Records excerpted from a collection:
--*--
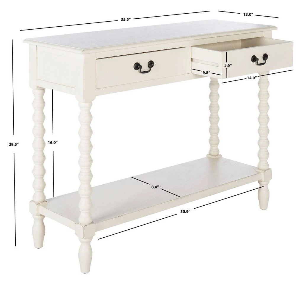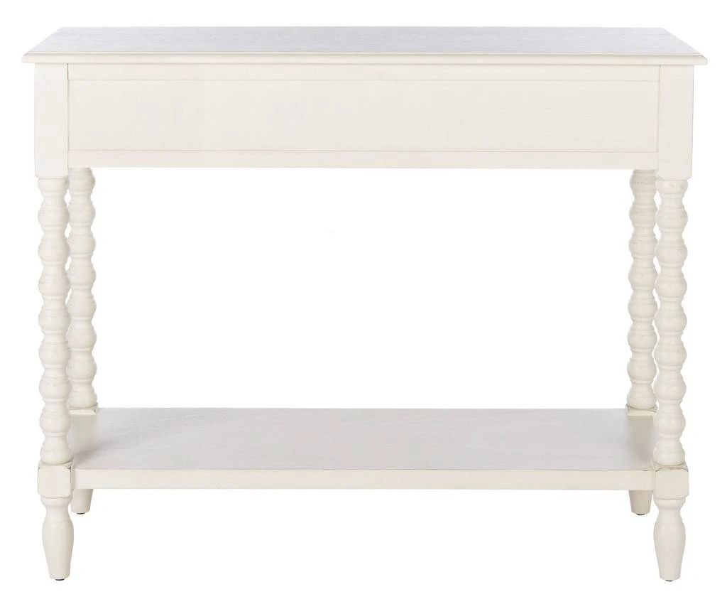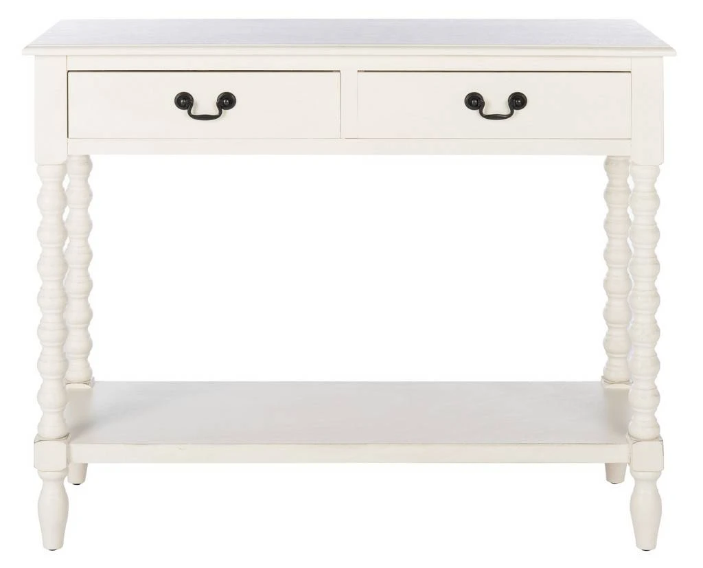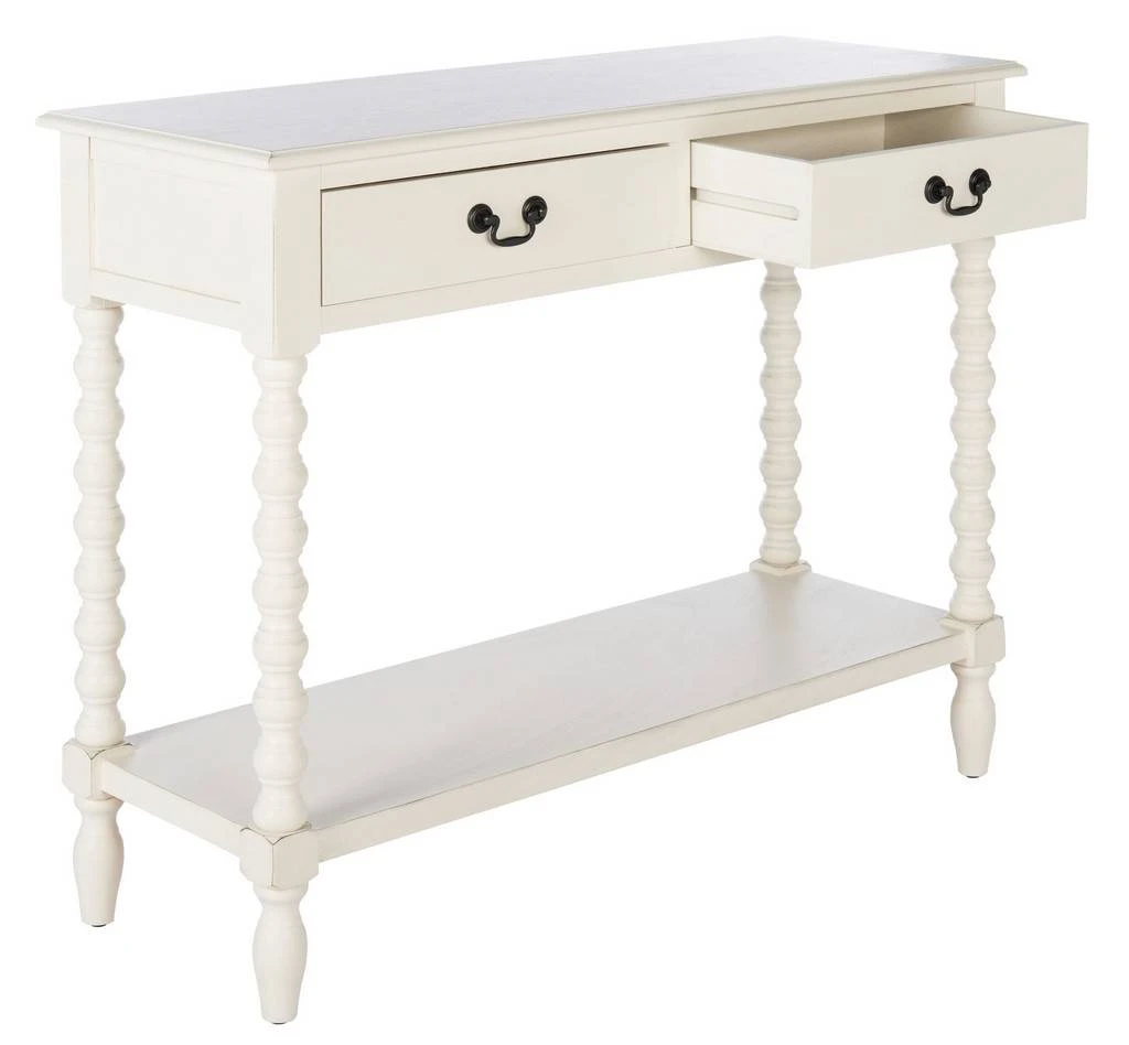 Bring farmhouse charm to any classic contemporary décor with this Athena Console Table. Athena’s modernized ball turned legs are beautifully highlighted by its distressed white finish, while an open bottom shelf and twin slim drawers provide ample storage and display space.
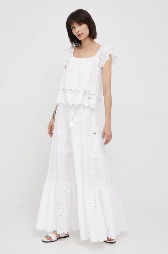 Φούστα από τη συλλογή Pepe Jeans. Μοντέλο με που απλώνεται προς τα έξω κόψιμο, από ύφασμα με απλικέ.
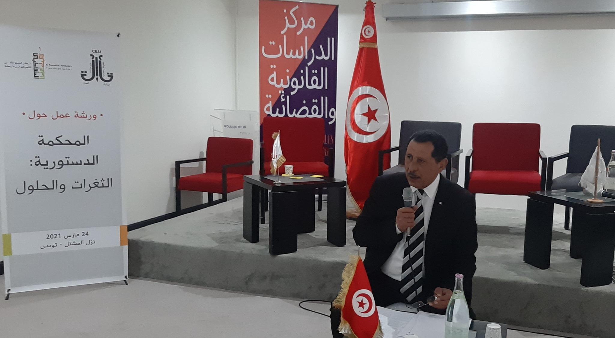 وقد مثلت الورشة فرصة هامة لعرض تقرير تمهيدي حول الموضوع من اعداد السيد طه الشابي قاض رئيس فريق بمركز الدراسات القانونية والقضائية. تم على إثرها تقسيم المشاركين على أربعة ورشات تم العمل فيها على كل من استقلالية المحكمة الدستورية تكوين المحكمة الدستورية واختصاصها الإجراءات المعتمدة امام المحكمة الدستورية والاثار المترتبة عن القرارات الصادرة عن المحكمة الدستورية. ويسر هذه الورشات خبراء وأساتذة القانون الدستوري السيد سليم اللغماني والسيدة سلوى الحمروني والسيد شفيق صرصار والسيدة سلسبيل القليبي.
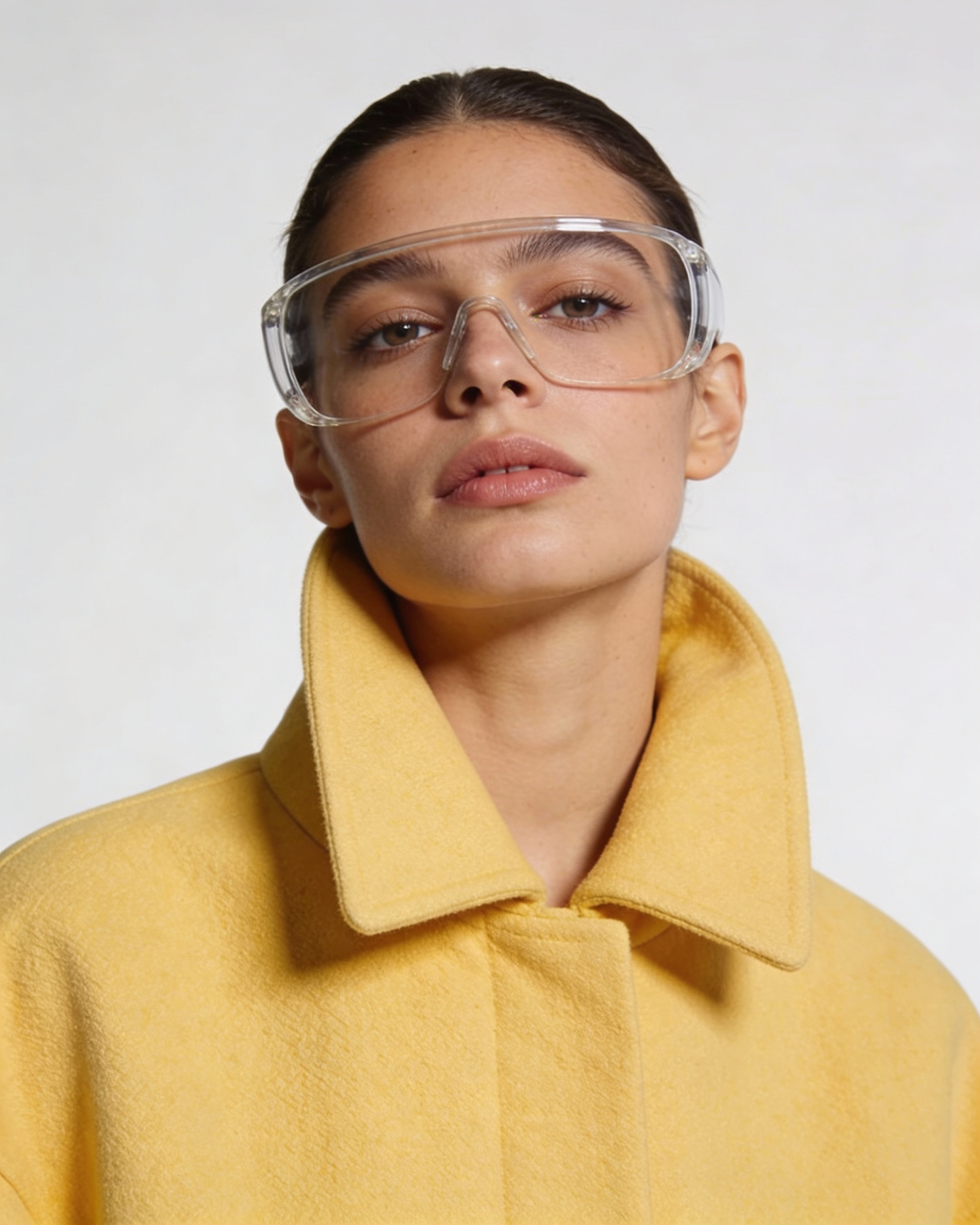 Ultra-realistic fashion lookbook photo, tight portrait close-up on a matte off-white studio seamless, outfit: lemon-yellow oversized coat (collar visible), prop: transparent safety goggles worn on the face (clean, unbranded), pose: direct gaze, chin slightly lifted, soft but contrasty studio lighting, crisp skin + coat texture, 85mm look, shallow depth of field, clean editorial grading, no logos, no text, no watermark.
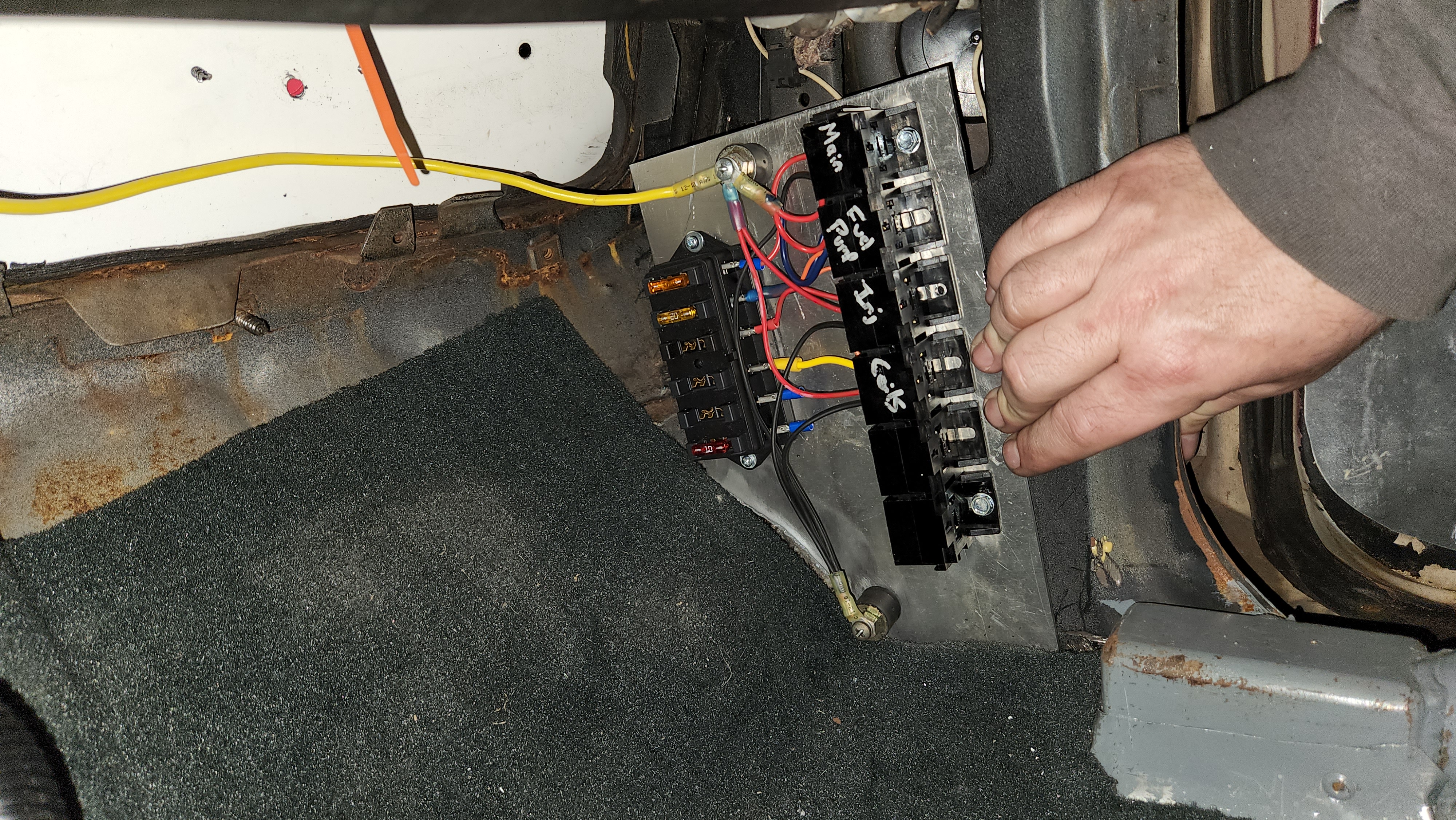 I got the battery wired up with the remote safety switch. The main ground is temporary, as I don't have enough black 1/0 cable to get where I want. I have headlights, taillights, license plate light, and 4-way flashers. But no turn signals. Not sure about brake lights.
--*--
Exercise goal: Every line of the data should be copied as it stands, without the images.

Task answer:
 Bring farmhouse charm to any classic contemporary décor with this Athena Console Table. Athena’s modernized ball turned legs are beautifully highlighted by its distressed white finish, while an open bottom shelf and twin slim drawers provide ample storage and display space.
 Φούστα από τη συλλογή Pepe Jeans. Μοντέλο με που απλώνεται προς τα έξω κόψιμο, από ύφασμα με απλικέ.
 وقد مثلت الورشة فرصة هامة لعرض تقرير تمهيدي حول الموضوع من اعداد السيد طه الشابي قاض رئيس فريق بمركز الدراسات القانونية والقضائية. تم على إثرها تقسيم المشاركين على أربعة ورشات تم العمل فيها على كل من استقلالية المحكمة الدستورية تكوين المحكمة الدستورية واختصاصها الإجراءات المعتمدة امام المحكمة الدستورية والاثار المترتبة عن القرارات الصادرة عن المحكمة الدستورية. ويسر هذه الورشات خبراء وأساتذة القانون الدستوري السيد سليم اللغماني والسيدة سلوى الحمروني والسيد شفيق صرصار والسيدة سلسبيل القليبي.
 Ultra-realistic fashion lookbook photo, tight portrait close-up on a matte off-white studio seamless, outfit: lemon-yellow oversized coat (collar visible), prop: transparent safety goggles worn on the face (clean, unbranded), pose: direct gaze, chin slightly lifted, soft but contrasty studio lighting, crisp skin + coat texture, 85mm look, shallow depth of field, clean editorial grading, no logos, no text, no watermark.
 I got the battery wired up with the remote safety switch. The main ground is temporary, as I don't have enough black 1/0 cable to get where I want. I have headlights, taillights, license plate light, and 4-way flashers. But no turn signals. Not sure about brake lights.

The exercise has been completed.